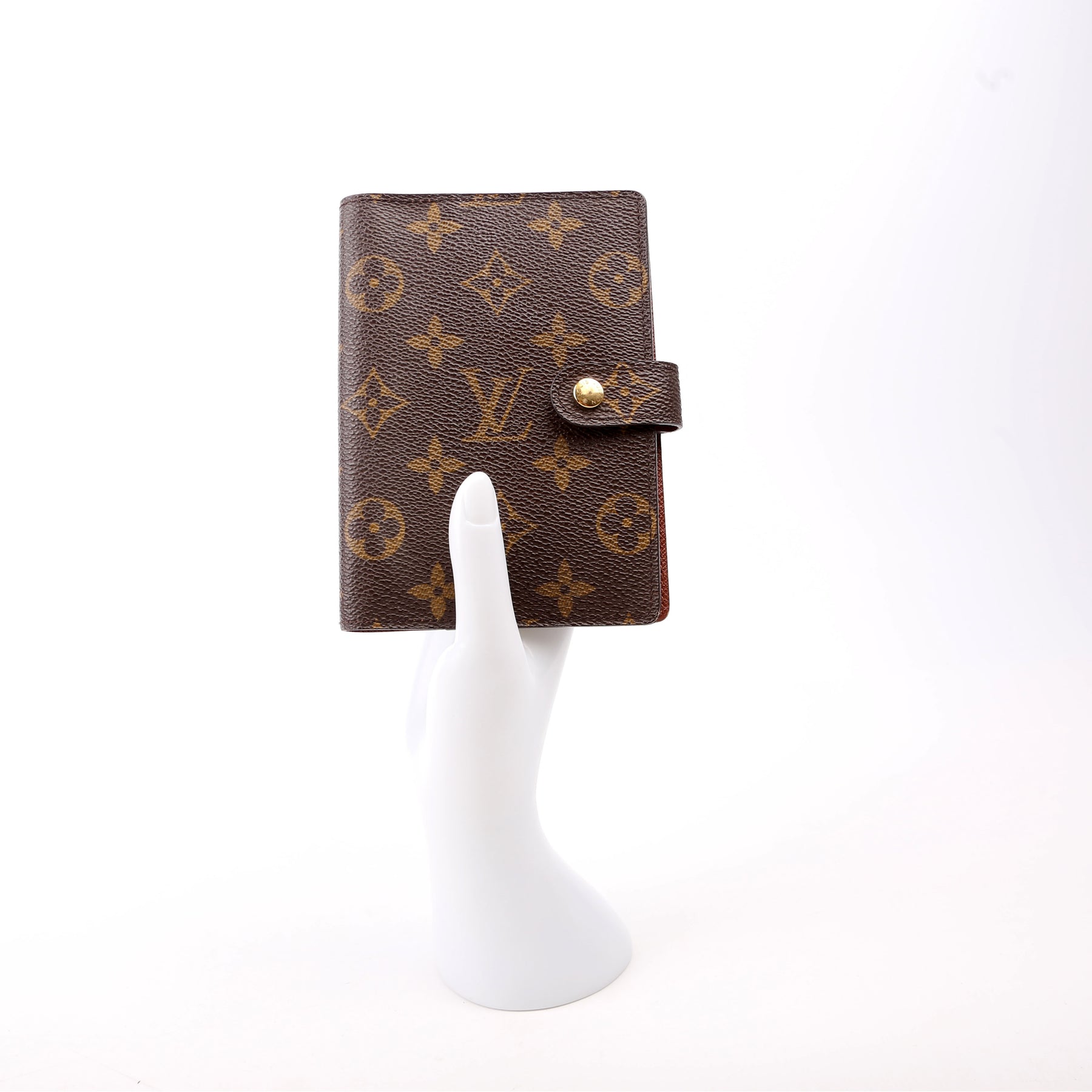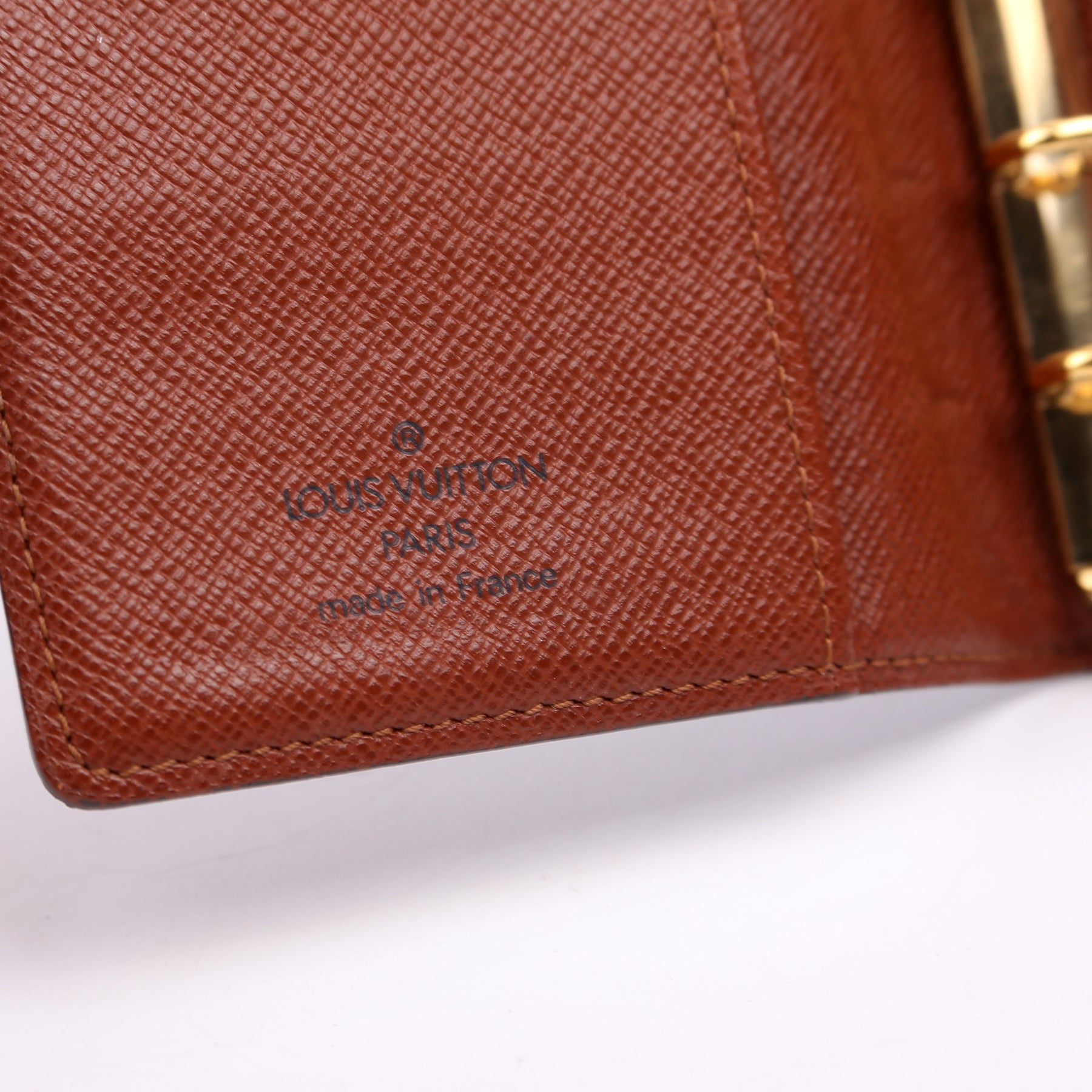 This pre-owned Louis Vuitton Agenda Small Ring is guaranteed 100% authentic. The exterior is in the classic Monogram coated canvas.
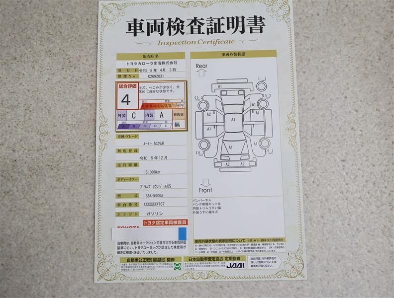 詳細及び現状の車両状態につきましては、店舗スタッフまでお尋ねください。 - 注2)上記と同様の評価点・状態表を「車両検査証明書」として店舗の展示車両に搭載しております。
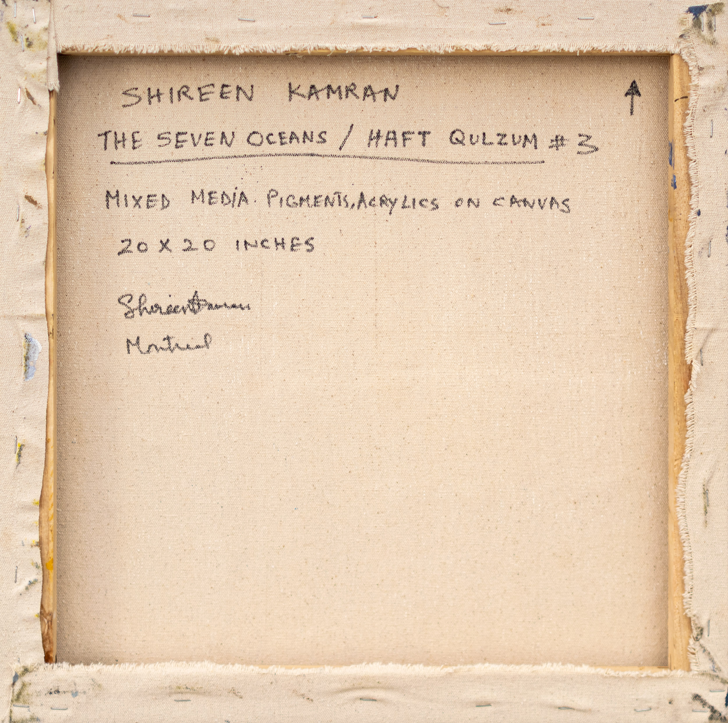 This mixed media contemporary abstract composition is rendered in earthy colours.The dramatic and elegant artwork of Shireen Kamran is rooted in and inspired by her rich Pakistani heritage—reminiscent of ancient architectural forms. Kamran works intuitively, without preconceived ideas much like an ‘automatist’ whereby drawing is automatic allowing the subconscious to emerge. By using a mix of media in layers, by scraping and rubbing pigment, and acrylic paint her work is distinctively expressive, has great depth and is visibly textured. Lyrical brushstrokes in earth tones—golden browns combined with dark and soft grays and blues are punctuated by white and a dash of red. The title of this series refers to the seven seas of the world. The Persian word—Haft Qulzum literally means ‘seven seas’ and also perhaps refers to the 19th century Persian dictionary from India that had seven volumes and symbolized ‘the vast and deep ocean of knowledge’.
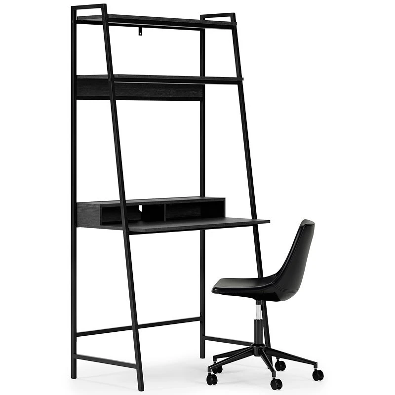 - OverviewElevate your home office with this simply sensational Yarlow desk and shelf by Signature Design. Pairing a dark wood grain look with a black metal frame for modern appeal, this minimalistic desk provides a convenient work surface with incorporated cubby shelves (with cutout for wire management) and two upper shelves for extra storage and display space. Its open-concept design, sleek aesthetic and build-in charging ports help you make the most of small space living.
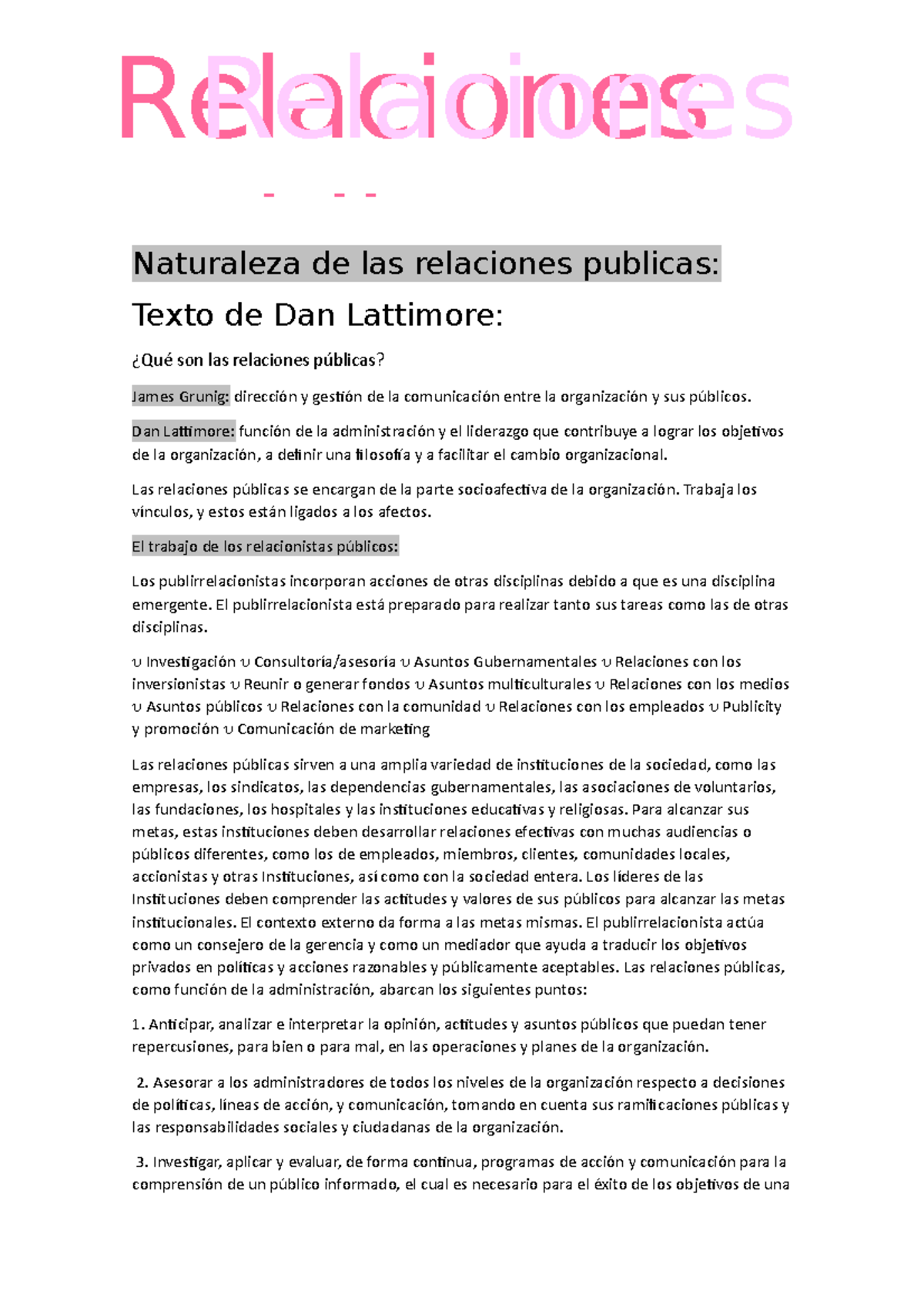 Resumen RRPP primer parcial Naturaleza de las relaciones publicas Texto de Dan Lattimore
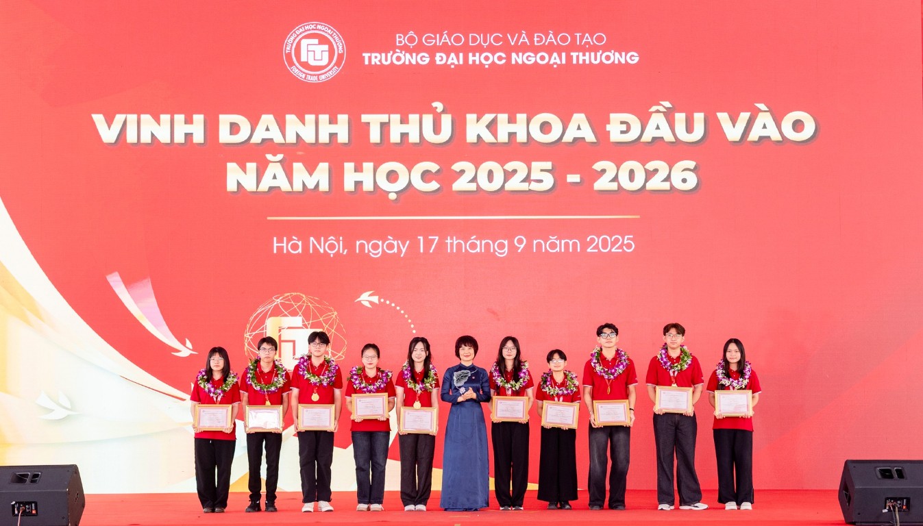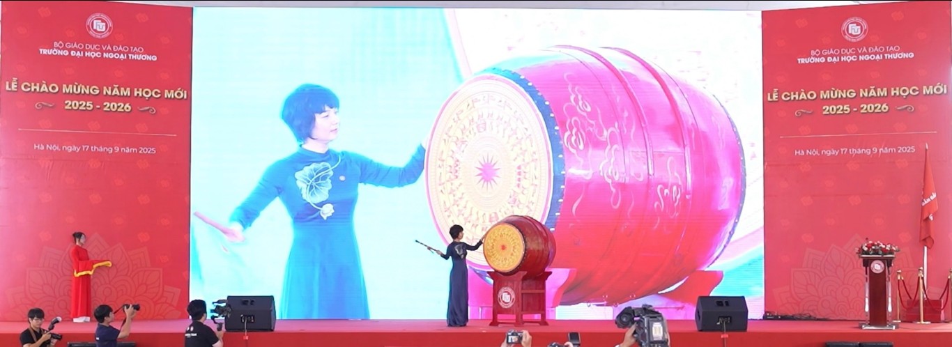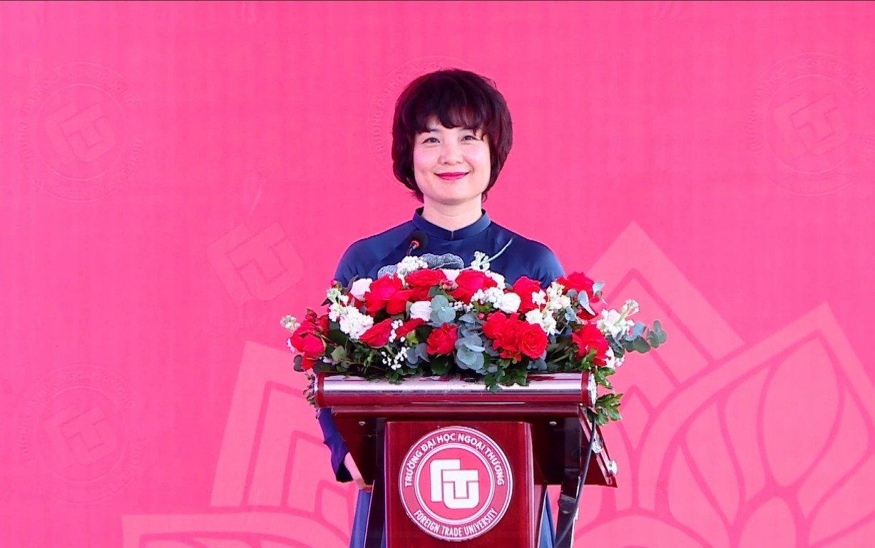 Phát biểu tại buổi lễ, PGS, TS Phạm Thu Hương - Hiệu trưởng Trường Đại học Ngoại Thương nhấn mạnh: “Năm học 2025-2026 là năm học đặc biệt có ý nghĩa quan trọng, đánh dấu chặng đường 65 năm hình thành và phát triển của Trường Đại học Ngoại Thương. Trên hành trình phát triển của mình, Nhà trường đã luôn nỗ lực để xây dựng và phát triển hệ sinh thái giáo dục mở có tính hội nhập quốc tế cao, khuyến khích người học tự do khai phá và phát huy những tiềm năng riêng có, để từng bước bồi đắp 6 giá trị cốt lõi của người Ngoại Thương bao gồm sáng tạo và xuất sắc, trách nhiệm và bản lĩnh, đa dạng và hoà hợp”.
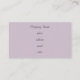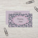 Una lámina de lavanda y un leopardo gris decoran el anverso de esta tarjeta de negocios de estilo retro. Utilice esta tarjeta de visita para una panadería, boutique, tienda, restaurante, catering, salón, peluquería, peluquería, profesor, diseñador, decorador, salón de belleza, maquillador, etc............................................................................................................................................................. Los diseños son de arte original.

◇ ◇ ◇

◆ **What the exercise asks**
Print the data above from its first line through the line that has "This mixed media", exactly and with nothing else, omitting pictures.

◆ **Answer box**
 This pre-owned Louis Vuitton Agenda Small Ring is guaranteed 100% authentic. The exterior is in the classic Monogram coated canvas.
 詳細及び現状の車両状態につきましては、店舗スタッフまでお尋ねください。 - 注2)上記と同様の評価点・状態表を「車両検査証明書」として店舗の展示車両に搭載しております。
 This mixed media contemporary abstract composition is rendered in earthy colours.The dramatic and elegant artwork of Shireen Kamran is rooted in and inspired by her rich Pakistani heritage—reminiscent of ancient architectural forms. Kamran works intuitively, without preconceived ideas much like an ‘automatist’ whereby drawing is automatic allowing the subconscious to emerge. By using a mix of media in layers, by scraping and rubbing pigment, and acrylic paint her work is distinctively expressive, has great depth and is visibly textured. Lyrical brushstrokes in earth tones—golden browns combined with dark and soft grays and blues are punctuated by white and a dash of red. The title of this series refers to the seven seas of the world. The Persian word—Haft Qulzum literally means ‘seven seas’ and also perhaps refers to the 19th century Persian dictionary from India that had seven volumes and symbolized ‘the vast and deep ocean of knowledge’.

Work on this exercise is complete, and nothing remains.